Kampala, Uganda | AFP | Grace MATSIKO |
In an era when dictator Idi Amin would interrupt football training to offer advice and bundles of cash, Uganda made it all the way to the 1978 Africa Cup of Nations’ final.
However in the nearly 40 years that followed that surprise success, the “Cranes” — named after the national bird — never again soared to such dizzy heights.
The current squad, the first to qualify for the tournament since, is hoping to change that in Gabon where the 2017 Africa Cup of Nations takes place from January 14 to February 5.
The players, like most of their supporters, are too young to remember the glory days of Uganda’s last appearance.
“Times were different then. There was full government support for sports. We got everything we wanted,” said Jimmy Kirunda who captained the 1978 team during Amin’s reign.

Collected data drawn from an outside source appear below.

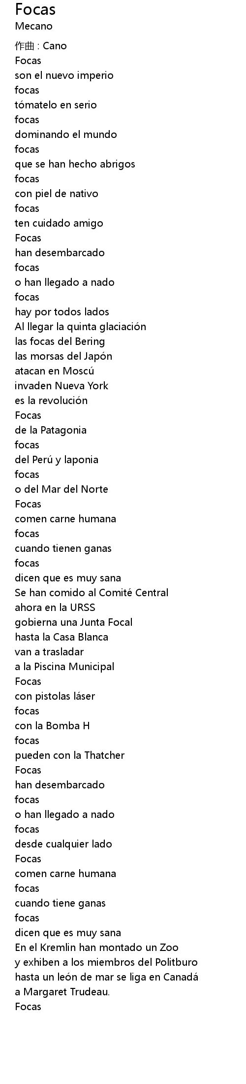 | Song | Focas |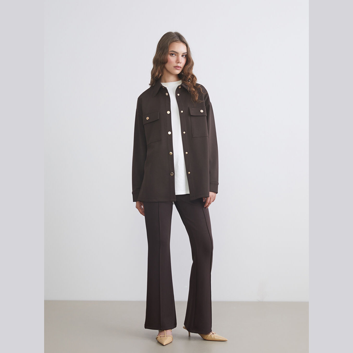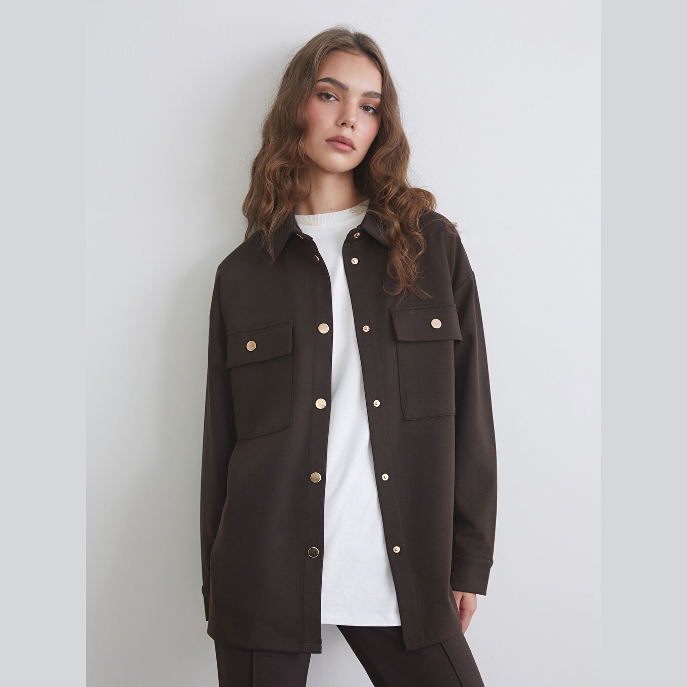 تونيك أنيق بلون بيج سادة من مجموعة LCW Modest – الأزياء المحتشمة، يتميز بياقة قميص تقليدية تضيف لمسة رسمية ناعمة، وقصة أوفرسايز (Oversize Fit) تمنحك مظهرًا مريحًا وانسيابيًا. مصنوع من خامة إنترلوك متوسطة السماكة بتركيبة %70 بوليستر، %27 فيسكوز، %3 إيلاستان، بأكمام طويلة، بطول يصل إلى الورك، ويُغلق بأزرار أمامية، مثالي للتنسيق مع البنطال القماشي أو الجينز في الإطلالات اليومية أو العملية.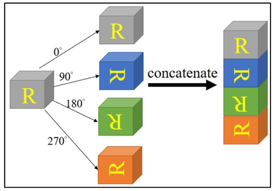 In training-set preprocessing, since our proposed model is designed to handle rotational invariance, there is no need to augment the original training set with different angles. For other compared models, we preprocess the training sets in two ways: fixed-angle rotation and random-angle rotation. By fixed-angle rotation, each image is rotated with four angles: 0, 90, 180, and 270 degrees. Thus, the augmented training set is four times the size of the original. Figure 11 shows the concept of the fixed-angle rotation.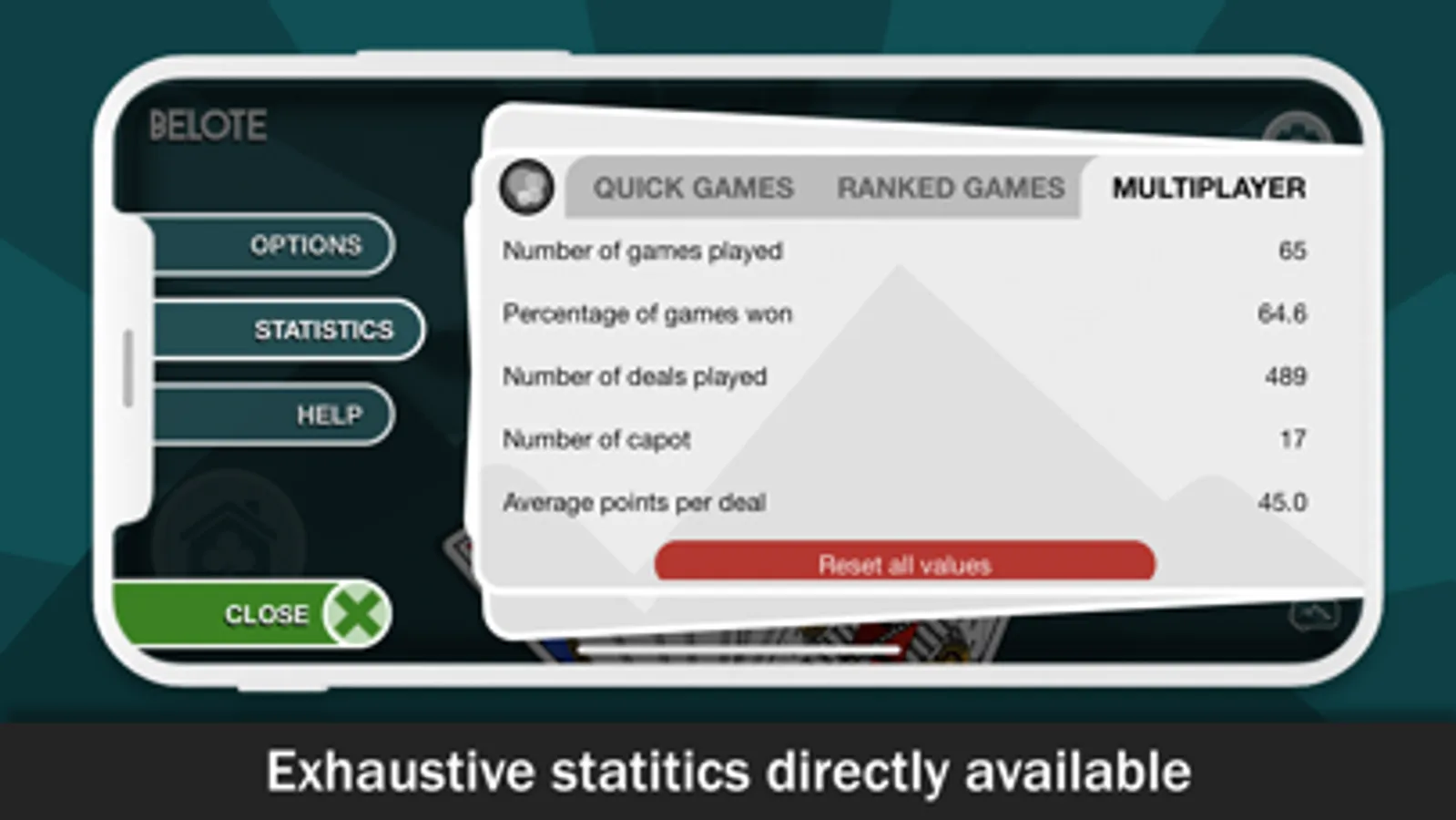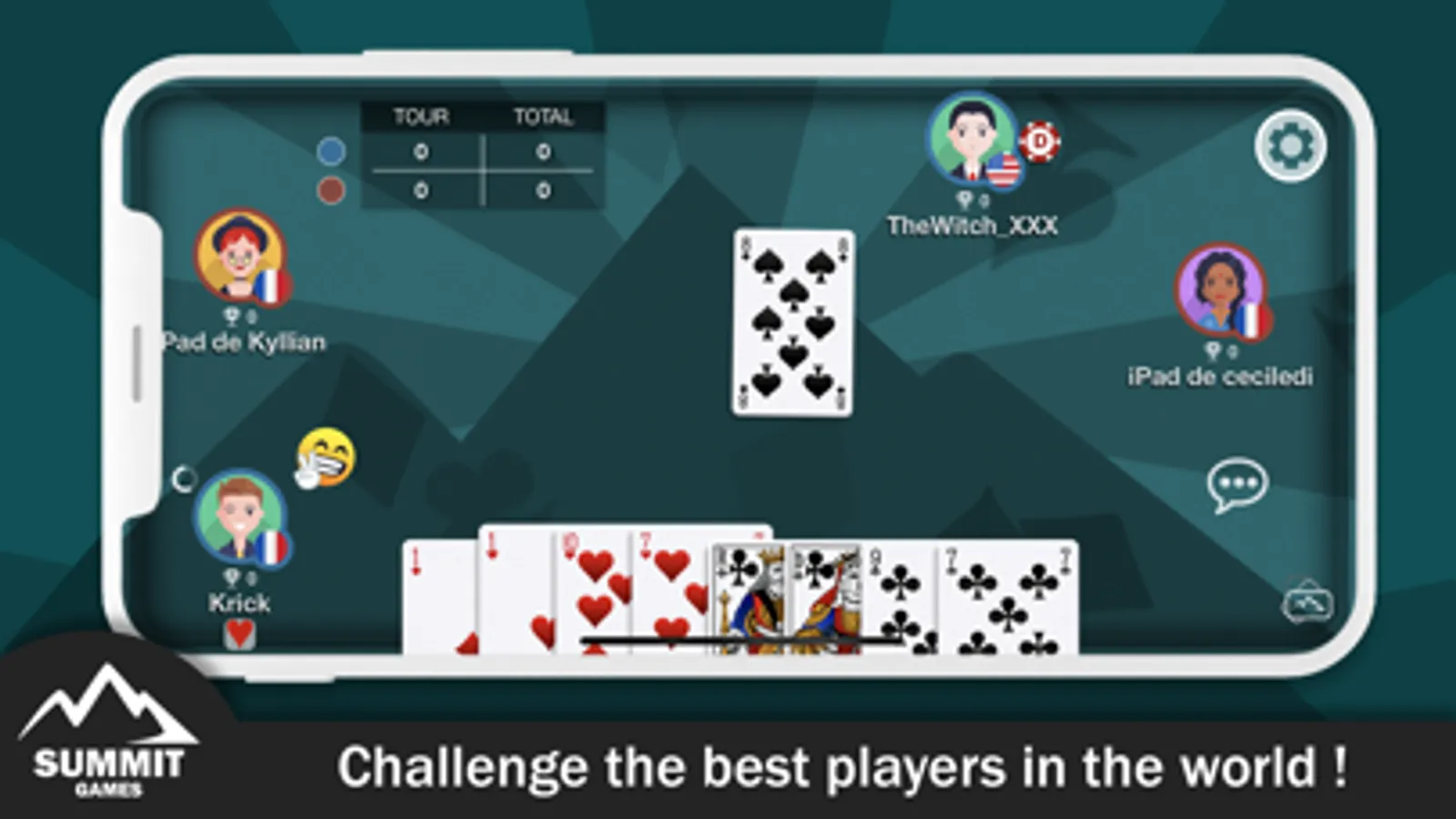 Play Belote game wherever you are with Belote online. Play alone against players controlled by a high level artificial intelligence with a realistic behavior, or compare yourself with other players from around the world.

The towering dictator ruled from 1971-1979 and, when he was not committing widespread abuses, issuing eccentric dictates or sending bizarre missives to world leaders, was an eager sportsman and fan who opened the government purse to the country’s stars.
“He often came to us during training sessions to morale boost us, especially before games against outside teams from Tanzania or Zambia, countries he considered his enemies,” said then-defender Tom Lwanga.
“He would pull out bundles of US dollars out of his pockets and give us, at times, $200 or $300. At the time it was a lot of money, everyone in the team would rejoice and fight to ensure we don’t disappoint him in return.”
“He would at times show us some tricks to tackle our opponents, that was the passion he had for the team,” said Lwanga.
Known to some as Big Daddy, to others as The Butcher of Uganda, Amin made a point of personally seeing players off to tournaments abroad. (see video bottom about Idi Amin)
– Generosity and fear –
Victories were generously rewarded.
Once, after beating Tanzania, Amin sent his personal plane to fetch the players.
Mike Diku, another former defender who played in the 1978 African Cup team, said that players who were also in the armed forces could expect to be promoted when they performed well.
But there was fear too, especially in defeat, with none of the players knowing how the famously erratic and unpredictable autocrat might react.
“We were also aware that his goodwill couldn’t be abused,” said Lwanga. It was motivation, of sorts. We always put up our best performance.”
The team was also protected from criticism. One journalist was forced into exile after writing articles deemed “demoralising” to the players.
When they arrived in Ghana for the 1978 tournament, they were by far the underdogs.
Despite regularly qualifying for the Africa Cup, Uganda had never made it past the first round and in 1978 drew a tough group that included reigning champions Morocco.
But to everyone’s surprise the Cranes won the game and won over the crowds.
“All our opponents were (former) French colonies,” said Diku who reckons his team’s “English background, plus our attractive short passing game” earned them the support of the home crowd in Ghana, a fellow former British colony.
“This continued to the semi-finals when we met Ghana’s arch-rivals Nigeria.”
The final saw Uganda lose 2-0 to the host Ghana.
– Wilderness years –
After many years in the footballing wilderness, during which quarrels between clubs and the federation stymied the national team, Uganda is on the up: the Cranes were named National Team of the Year at this month’s Confederation of African Football (CAF) awards in Abuja, Nigeria, while goalkeeper Denis Onyango was named Player of the Year (Africa-based).
Observers attribute the team’s renewal to talented individuals like Onyango, the skills of Serbian manager Milutin Sredojevic and a modest injection of government cash.
That financial support allowed Uganda to travel to play warm-up matches against other national sides rather than local clubs.
But drawn against established giants Ghana, Egypt and Mali, minnow Uganda still has much to prove in its group games.
Most of the 23 squad members play most of their football in the anonymity of second-division competitions and they are counting on the Cup of Nations to show-off their skills and win better contracts.
That is a dream never realised by the players of 1978.